By Ian O’Neill
Discovery News
“We’ve been EMP’d!” your commanding officer screams over the noise of incoming gunfire. “Electronics are down!”
This may sound familiar if, like me, you’re a fan of “Call of Duty: Modern Warfare 3” — a hugely popular first-person video game based in a fictional near-future when the U.S. goes to war with Russia. But if you’ve been following the GOP presidential campaign recently, you might think one or two of the candidates are out of touch with the not-so-fictional near future.
In particular, it seems Newt Gingrich has been playing too much “Call of Duty.”
Gingrich has been a long-time worrier about the threat of an attack on the U.S. from a rich terrorist organization or rogue nation — such as North Korea or Iran — that could cripple the nation, killing “millions” of citizens. But how could such a dastardly deed be accomplished?
Citing the specter that has been hanging over us since the Cold War, he believes the U.S. is vulnerable to an electromagnetic pulse — or EMP for short.
A nuclear weapon could be detonated above North America, reasons Gingrich, and the resulting electronic interference would render the nation’s power grid, satellites, computers etc., useless. Death and mayhem would ensue. It would be a bit like “Mad Max,” but with less ’70’s hairdos.
“Without adequate preparation, we would basically lose our civilization in a matter of seconds,” he said during a 2009 conference.
The situation is apparently so dire that Gingrich co-wrote a doomsday book on the topic, called “One Second After.”
Although game developers take the effect of EMP damage for granted, what are the realities of a space-based nuclear detonation?
Supporting Gingrich’s argument, the impact of high-altitude nuclear tests during the Cold War proves that detonating nuclear bombs is a bad idea all-round.
In 1962, the U.S. detonated a 1.4 megaton nuke 200 miles above the Pacific Ocean to, you know, see what would happen.
Although situated 900 miles from the blast site, Hawaii felt the impact from the famous “Starfish Prime” explosion.
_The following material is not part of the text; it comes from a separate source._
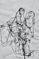 Een dubbellaags draadwerk op transparante stoffen, twee figureren vormen samen één.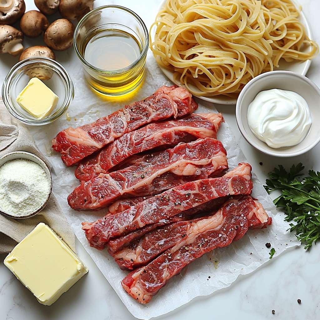 These ingredients are straightforward yet essential, coming together to build the depth, creaminess, and heartiness that define a great beef stroganoff. Each one plays a crucial role—from the tender beef to the aromatic garlic and earthy mushrooms—making this dish flavorful and comforting.

Streetlights were knocked out, telephone communications were blocked and household alarms were triggered.
Beautiful equatorial auroral displays also lit up the sky. The event was nicknamed the “rainbow bomb.”
The nuclear blast had caused all kinds of upper-atmosphere turmoil that generated rapid and powerful changes in the Earth’s magnetic field, producing a pulse throughout the atmosphere below. The resulting induction of electrical currents shorted unshielded electrical supplies, like Honolulu’s streetlights.
Radiation also surged above the atmosphere, causing indiscriminate damage to a number of satellites. The world’s first commercial communications satellite Telstar was also badly bruised by the incident.
In the same year, a similar test by the Soviets — using a smaller warhead over a populated region of Kazakhstan — generated an amplified EMP effect due to the stronger geomagnetic field at that latitude, causing a power station to fail and catch fire.
Some of the effects of an EMP are analogous to a geomagnetic storm, when the solar wind and coronal mass ejections (CMEs) interact with the Earth’s magnetosphere. Although not as localized as a nuclear explosion, there are worries that an intense solar storm could generate huge currents across the Earth’s atmosphere, shorting entire power grids.